Restaurants have been put through the wringer for over a year. They’ve endured shutdowns, adjusted their service models, and watched with resignation as colleagues closed doors for good. Things should be looking up now as vaccinations and warm weather inspire hope for a return to semi-normalcy. People are ready to go out. Business is booming. But restaurants are faced with a new pandemic of their own, not of biological origins but of workforce. There simply aren’t enough people willing to work in service anymore.
Photo by Melissa Hayes
Customers enjoy the outdoor seating at the Crab Shack on Tybee Island.
Spanky’s in Pooler has been forced to reduce their hours. Sundown Lodge on Wilmington Island temporarily closed their doors. “We would like to apologize in advance,” wrote Savannah Taphouse on Facebook. “We are doing our best with the limited amount of loyal employees we do have.” “We are grateful for all of our staff that actually does come to work,” wrote Driftaway Cafe. “Please know we are trying our hardest with what we’re working with,” wrote Savannah Seafood Shack.
The problem is much larger than Savannah. From coast to coast, the Covid-battered service industry continues to limp along. The worker-to-customer ratio is sharply off balance. Diners are getting frustrated. Service workers who remain are exhausted. Those who haven’t returned say they’re exhausted, too, and ready to move on. Long hours and low wages are service industry stereotypes. Throw in a pandemic and alternative options, and furloughed employees are choosing to keep their distance.
“I don’t know if anything will help until they stop getting their unemployment money,” said Jack Flanigan, owner of The Crab Shack. “That seems to be the big thing. But, people have also drifted away from the service industry to do other things now.”
The mega-restaurant reduced its staff of around 150 to “maybe four or five” who stayed behind to sell to-go meals after lockdown forced furloughs in March of last year. As the world slowly reopened, The Crab Shack, known for welcoming tourists and locals in droves, brought back anyone willing to work ... which turned out to be not many.
“Tell anybody who wants to work to come on,” Flanigan said. “We’ve lost a lot of people. We can get servers, but if you don’t have cooks, you don’t need servers.”
Come Spring Break, one of Savannah’s busiest seasons, The Crab Shack was unable to serve half as many customers as usual. “We seated close to 750 people before this started. Now, we seat just a little over 300. And when we’re really busy, we can’t even do that. I have one whole side shut down,” Flanigan said.
He’s attempted to incentivize applicants with a $3,000 bonus for new kitchen staff willing to stick it out through the busy season, but no one’s taking the bait.
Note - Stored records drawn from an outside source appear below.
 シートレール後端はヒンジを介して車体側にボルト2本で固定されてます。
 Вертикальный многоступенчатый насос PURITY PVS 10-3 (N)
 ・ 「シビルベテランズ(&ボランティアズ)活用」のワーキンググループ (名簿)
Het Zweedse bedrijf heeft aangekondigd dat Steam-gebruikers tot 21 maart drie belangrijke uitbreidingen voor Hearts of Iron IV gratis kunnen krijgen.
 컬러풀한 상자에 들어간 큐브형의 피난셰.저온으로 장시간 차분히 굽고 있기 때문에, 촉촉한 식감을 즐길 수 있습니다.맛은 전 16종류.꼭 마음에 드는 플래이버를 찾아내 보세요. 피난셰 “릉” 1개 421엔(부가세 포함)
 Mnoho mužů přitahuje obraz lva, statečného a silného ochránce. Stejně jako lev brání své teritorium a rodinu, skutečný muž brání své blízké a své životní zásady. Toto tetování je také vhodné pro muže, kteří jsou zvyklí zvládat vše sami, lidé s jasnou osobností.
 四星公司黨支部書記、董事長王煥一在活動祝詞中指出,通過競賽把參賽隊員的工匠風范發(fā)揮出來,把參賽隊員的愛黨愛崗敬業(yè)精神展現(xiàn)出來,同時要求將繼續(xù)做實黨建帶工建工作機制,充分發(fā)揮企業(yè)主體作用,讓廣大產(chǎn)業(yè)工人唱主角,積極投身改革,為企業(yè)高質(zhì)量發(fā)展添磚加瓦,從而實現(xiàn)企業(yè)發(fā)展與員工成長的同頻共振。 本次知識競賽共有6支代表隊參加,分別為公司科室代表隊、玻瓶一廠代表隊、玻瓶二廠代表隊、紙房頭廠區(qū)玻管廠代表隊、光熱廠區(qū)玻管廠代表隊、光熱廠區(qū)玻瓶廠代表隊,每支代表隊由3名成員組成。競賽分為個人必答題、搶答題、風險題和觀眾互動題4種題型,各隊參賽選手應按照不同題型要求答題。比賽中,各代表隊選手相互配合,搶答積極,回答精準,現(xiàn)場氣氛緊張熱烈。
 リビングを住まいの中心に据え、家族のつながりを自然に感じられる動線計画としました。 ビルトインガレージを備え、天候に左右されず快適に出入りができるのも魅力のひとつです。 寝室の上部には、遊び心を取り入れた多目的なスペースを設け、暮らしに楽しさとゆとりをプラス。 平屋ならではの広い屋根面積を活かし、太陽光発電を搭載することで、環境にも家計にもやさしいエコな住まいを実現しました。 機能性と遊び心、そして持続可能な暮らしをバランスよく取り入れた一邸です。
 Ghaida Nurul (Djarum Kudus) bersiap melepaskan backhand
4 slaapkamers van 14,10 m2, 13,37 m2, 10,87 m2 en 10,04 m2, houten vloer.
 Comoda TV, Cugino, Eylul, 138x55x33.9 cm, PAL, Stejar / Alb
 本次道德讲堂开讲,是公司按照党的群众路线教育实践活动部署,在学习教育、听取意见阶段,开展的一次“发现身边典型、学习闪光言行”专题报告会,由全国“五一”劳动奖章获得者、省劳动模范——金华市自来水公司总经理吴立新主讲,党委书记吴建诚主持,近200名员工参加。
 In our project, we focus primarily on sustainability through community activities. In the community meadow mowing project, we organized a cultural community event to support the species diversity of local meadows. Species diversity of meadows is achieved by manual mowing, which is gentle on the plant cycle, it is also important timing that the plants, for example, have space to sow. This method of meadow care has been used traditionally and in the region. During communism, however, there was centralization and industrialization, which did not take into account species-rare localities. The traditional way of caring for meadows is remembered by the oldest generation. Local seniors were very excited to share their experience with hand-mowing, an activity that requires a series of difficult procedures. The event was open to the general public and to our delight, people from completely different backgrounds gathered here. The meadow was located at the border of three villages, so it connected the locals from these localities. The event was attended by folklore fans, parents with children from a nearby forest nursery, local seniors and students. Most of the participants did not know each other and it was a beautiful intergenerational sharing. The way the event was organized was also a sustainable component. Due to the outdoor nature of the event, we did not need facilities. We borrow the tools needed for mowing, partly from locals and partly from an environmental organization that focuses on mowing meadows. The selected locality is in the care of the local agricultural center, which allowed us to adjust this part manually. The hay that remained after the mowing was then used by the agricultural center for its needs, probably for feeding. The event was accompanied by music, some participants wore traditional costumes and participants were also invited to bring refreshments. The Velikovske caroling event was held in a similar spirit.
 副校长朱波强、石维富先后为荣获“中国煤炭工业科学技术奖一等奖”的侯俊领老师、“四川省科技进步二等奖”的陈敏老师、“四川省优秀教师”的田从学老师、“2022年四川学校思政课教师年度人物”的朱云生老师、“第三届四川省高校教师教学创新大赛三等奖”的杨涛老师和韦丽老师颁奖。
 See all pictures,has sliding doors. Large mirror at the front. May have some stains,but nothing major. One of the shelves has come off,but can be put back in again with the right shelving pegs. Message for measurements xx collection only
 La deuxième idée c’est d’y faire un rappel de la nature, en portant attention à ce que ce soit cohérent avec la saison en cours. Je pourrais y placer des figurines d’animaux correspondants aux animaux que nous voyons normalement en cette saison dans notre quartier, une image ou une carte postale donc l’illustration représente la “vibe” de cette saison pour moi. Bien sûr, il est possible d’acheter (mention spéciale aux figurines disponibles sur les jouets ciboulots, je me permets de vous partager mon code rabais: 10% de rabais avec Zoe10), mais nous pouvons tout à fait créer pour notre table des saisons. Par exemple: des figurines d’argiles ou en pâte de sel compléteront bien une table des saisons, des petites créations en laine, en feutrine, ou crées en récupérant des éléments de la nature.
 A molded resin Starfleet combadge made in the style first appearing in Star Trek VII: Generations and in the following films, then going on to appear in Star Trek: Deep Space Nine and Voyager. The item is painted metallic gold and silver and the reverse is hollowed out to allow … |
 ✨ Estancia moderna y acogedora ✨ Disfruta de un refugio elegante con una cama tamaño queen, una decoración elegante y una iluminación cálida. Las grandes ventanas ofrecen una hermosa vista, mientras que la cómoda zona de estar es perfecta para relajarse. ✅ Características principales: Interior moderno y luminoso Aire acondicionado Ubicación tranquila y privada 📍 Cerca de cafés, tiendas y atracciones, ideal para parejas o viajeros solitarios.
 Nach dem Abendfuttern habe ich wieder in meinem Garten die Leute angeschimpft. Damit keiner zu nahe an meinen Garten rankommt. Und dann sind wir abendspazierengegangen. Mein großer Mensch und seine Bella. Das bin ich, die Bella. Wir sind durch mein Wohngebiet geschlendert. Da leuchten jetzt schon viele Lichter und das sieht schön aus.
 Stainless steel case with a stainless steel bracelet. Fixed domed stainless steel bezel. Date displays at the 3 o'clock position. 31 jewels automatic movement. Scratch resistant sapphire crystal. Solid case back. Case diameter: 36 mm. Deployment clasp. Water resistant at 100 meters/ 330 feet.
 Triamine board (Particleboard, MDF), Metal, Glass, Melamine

“I had one applicant who didn’t show up for the interview,” he said. “The situation’s really gonna have to change industrywide because it’s not divided equitably. The kitchen does most of the work and the servers make most of the money.”
Photo by Melissa Hayes
Locals and visitors wait to be seated outside of the Collin’s Quarter.
Anthony Debreceny, owner of Collins Quarter, Fitzroy, and The Deck on Tybee, shares similar woes. He’s had a $50K management position posted for three weeks and only had four applicants.
“I believe it’s just the perfect storm,” he said. “You’ve got a combination of Savannah getting busy, everyone looking for employees and then unemployment benefits are kicking in all around the same time.”
“We certainly don’t have the time to train people. If we get someone who wants to be a server, they might get a day’s training, and then it’s right into it. We are not having our staff trained as well as we’d like because there are so few people and so many tourists in town.”
Many diners just aren’t familiar with restaurant logistics. On the surface, things appear fine. People see empty tables waiting to be seated, other customers mingling, and servers maneuvering dining rooms. But when a kitchen staff drops from seven workers to five, the ripple effect is felt throughout the restaurant.
“If people see empty seats, it’s not because we don’t want to serve you,” Debreceny said. “It’s because we don’t think we can serve you to your expectations and in a way that represents us and our brand.”
Despite these grim times for restaurants, Debreceny remains optimistic now that Spring Break has passed. For years, he’s kept detailed records of his restaurants’ ebbs and flows.
“I think we have four to six more weeks of Savannah being traditionally busy through May, and then I think we’ll be through the worst of the staffing issue,” he said. “I’m just glad to see that people are happy and healthy. This is a good problem to have because it’d be worse if we were heading in the other direction.”